Hilder Builder worked so hard her hair turned white from all the flour she was using. But worry was also turning Hilder’s hair white. They were almost out of money. If Tom didn’t finish the house soon and sell it quickly, they would have no money for food, and no money to pay the hotel bill, and certainly no money for Christmas presents.
Finally, Tom put the finishing touches on the house and the whole family went to look at it.
“Why, Tom,” said Mrs. Builder, “it’s utterly beautiful.”
“Yes, Daddy, said Gilder. “It looks scrumptious.”
“It looks very well built, Dad,” said Milder, who, when he grew up, wanted to be an engineer.
“Now we need to sell the house,” said Tom Builder. He went to a real estate agent and asked how he could quickly sell his house. The real estate agent told him to hold an open house, so people could come and see the house for themselves. And that’s what Tom did. He called the newspaper and told them he wanted to put an announcement in the paper.
“And what are you announcing?” asked the copy boy who answered the phone.
“I’m selling a candy and cake house and inviting the good citizens of Eltopia to come and see it,” said Tom.
The copy boy, Fant Neumen, got some additional details from Tom and told him the ad would run in Friday’s paper. He was in a hurry so he wrote the ad himself and skipped sending it to the ad editor. It went in the press just the way he wrote it and ran in the Friday morning edition.

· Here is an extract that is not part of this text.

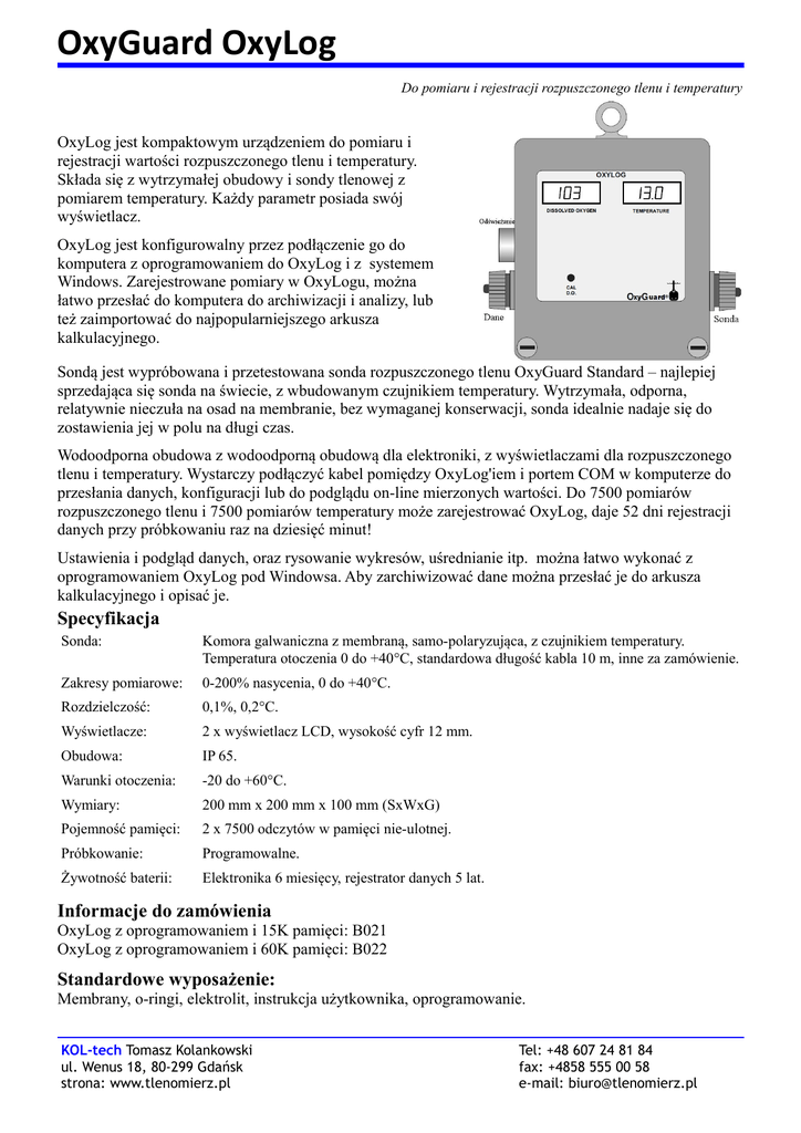 OxyGuard OxyLog Do pomiaru i rejestracji rozpuszczonego tlenu i temperatury OxyLog jest kompaktowym urządzeniem do pomiaru i rejestracji wartości rozpuszczonego tlenu i temperatury. Składa się z wytrzymałej obudowy i sondy tlenowej z pomiarem temperatury. Każdy parametr posiada swój wyświetlacz. OxyLog jest konfigurowalny przez podłączenie go do komputera z oprogramowaniem do OxyLog i z systemem Windows. Zarejestrowane pomiary w OxyLogu, można łatwo przesłać do komputera do archiwizacji i analizy, lub też zaimportować do najpopularniejszego arkusza kalkulacyjnego. Sondą jest wypróbowana i przetestowana sonda rozpuszczonego tlenu OxyGuard Standard – najlepiej sprzedająca się sonda na świecie, z wbudowanym czujnikiem temperatury. Wytrzymała, odporna, relatywnie nieczuła na osad na membranie, bez wymaganej konserwacji, sonda idealnie nadaje się do zostawienia jej w polu na długi czas. Wodoodporna obudowa z wodoodporną obudową dla elektroniki, z wyświetlaczami dla rozpuszczonego tlenu i temperatury. Wystarczy podłączyć kabel pomiędzy OxyLog'iem i portem COM w komputerze do przesłania danych, konfiguracji lub do podglądu on-line mierzonych wartości. Do 7500 pomiarów rozpuszczonego tlenu i 7500 pomiarów temperatury może zarejestrować OxyLog, daje 52 dni rejestracji danych przy próbkowaniu raz na dziesięć minut! Ustawienia i podgląd danych, oraz rysowanie wykresów, uśrednianie itp. można łatwo wykonać z oprogramowaniem OxyLog pod Windowsa. Aby zarchiwizować dane można przesłać je do arkusza kalkulacyjnego i opisać je. Specyfikacja Sonda: Komora galwaniczna z membraną, samo-polaryzująca, z czujnikiem temperatury. Temperatura otoczenia 0 do +40°C, standardowa długość kabla 10 m, inne za zamówienie. Zakresy pomiarowe: 0-200% nasycenia, 0 do +40°C. Rozdzielczość: 0,1%, 0,2°C. Wyświetlacze: 2 x wyświetlacz LCD, wysokość cyfr 12 mm. Obudowa: IP 65. Warunki otoczenia: -20 do +60°C. Wymiary: 200 mm x 200 mm x 100 mm (SxWxG) Pojemność pamięci: 2 x 7500 odczytów w pamięci nie-ulotnej. Próbkowanie: Programowalne. Żywotność baterii: Elektronika 6 miesięcy, rejestrator danych 5 lat. Informacje do zamówienia OxyLog z oprogramowaniem i 15K pamięci: B021 OxyLog z oprogramowaniem i 60K pamięci: B022 Standardowe wyposażenie: Membrany, o-ringi, elektrolit, instrukcja użytkownika, oprogramowanie. KOL-tech Tomasz Kolankowski ul. Wenus 18, 80-299 Gdańsk strona: www.tlenomierz.pl Tel: +48 607 24 81 84 fax: +4858 555 00 58 e-mail: [email protected]

Candy and cake at Tom Builder’s house on First Street, open to all, the ad said.

The open house was held  that Saturday and so many cars, and vans, and even buses were driving up that people had to park around the block. Loads of people piled out of the vehicles and ran up to the house, where Tom and his family stood proudly on the peppermint porch to welcome the people and show them around.
“May I show you the house?” asked Tom to a portly man and his portly wife.
“Oh, that’s all right. We can take care of ourselves,” said the man, and he and his wife waddled right in.
Soon the house was full of people wandering here and there, opening doors, and closets, and even the pantry and refrigerator, and looking through everything.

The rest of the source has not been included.